Originally Posted by Misfit
I did not mean that kind:-)
Sample in point:
Bear Economists: Subprime mess is now moving more mainstream after 2 more funds have blown up & one more has lost 1.5 or so billion -AHMA expected to file Chapter 11 - it was not even in sub-prime mortgages - but "good credit" mortages
Bull Economists: All of the above, but 2 of the funds were based in France, and not "one" single area of the economy was sucker punched demonstrating the flexibility of the new global economy to absorb shocks etc etc -
Same stats - two different takes
But what you are doing above is only looking at the Stock Market elements of the issue, which is really just the film on top of the cup of water. Economists won't use Bull or Bear, those are stock market terms.
The sentient points of this past two quarters are more fundamental than that perception. The Prime and SubPrime Mortgage market is, by itself not a HUGE element of the economy. Those things that it links directly to are.

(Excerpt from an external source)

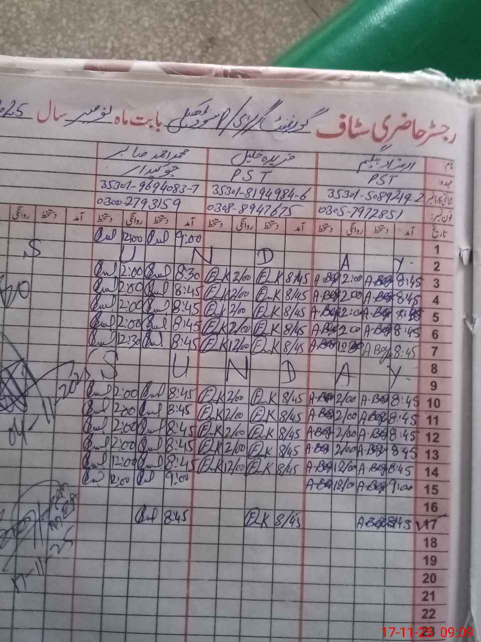 | CNIC | Full Name | Designation | R/C | Absence During Last Calender Month |
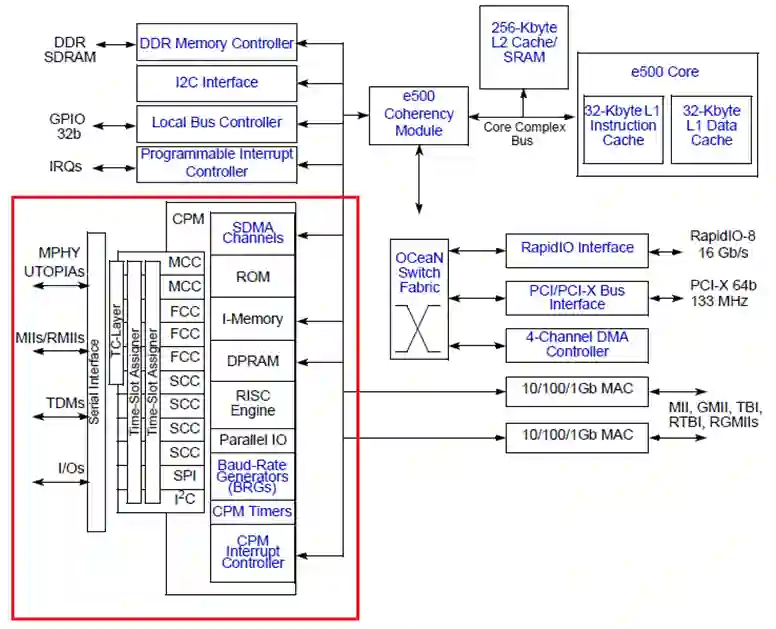 타깃 보드는 PowerPC 아키텍처 기반의 MPC8560이고 이 보드의 UART 기능을 구현하는 것을 목표로 한다. QEMU에서 제공하는 PowerPC 아키텍처 기반의 기본 타깃보드는 MPC8544이다. MPC8544와 MPC8560의 차이점은 communication processor module(CPM)의 유무이다.(아래 그림의 빨간 네모박스 부분의 모듈이 통째로 없고, 여기서 UART 기능에 필요한 부분을 직접 구현해야 한다.)

First and foremost, much of the SubPrime market is tied up in Hedge Funds and in Derivatives Markets. These Leveraged funds are often at a rate of up to 35:1. What that really means is that if $1Million in actual loans go bad, up to $35Million in securities can be negatively affected. There is much more than $1Million in troubled loans.
Second, this mortgage market directly affects the building industry. Two of the top four builders in the country have already posted near 50% losses and stopped development on 10s of thousands of acres of new development. That trickles down to folks like Home Depot Commercial which is now looking at Chapter 11 as its business has been so negatively impacted. The trickle also runs rampant through the blue collar construction industry, the tools and trucks that they buy, the food they put on their table.
Third, much of the Second Tier Mortgage paper is held, through both Hedge and Derivatives funds in foreign markets, with a major player being China. The domino of the weakening of their young market, with many inexperienced traders [much like US in 1999] travels worldwide.
Fourth, the weakening of credit reliability due to SubPrime and now Prime mortgages, besides signaling a stalling economy, also will introduce a strong tightening of credit for consumers. While personally I think that is a good thing on the consumer credit level, it will make any growth out of the burst bubble that much harder.
So, we are not looking at a stock market issue, where most corporations have global divisions to absorb any local fluctuation in economy. We are looking at a economic foundation issue that is systemic and much more difficult to rebound from and more difficult to "fix".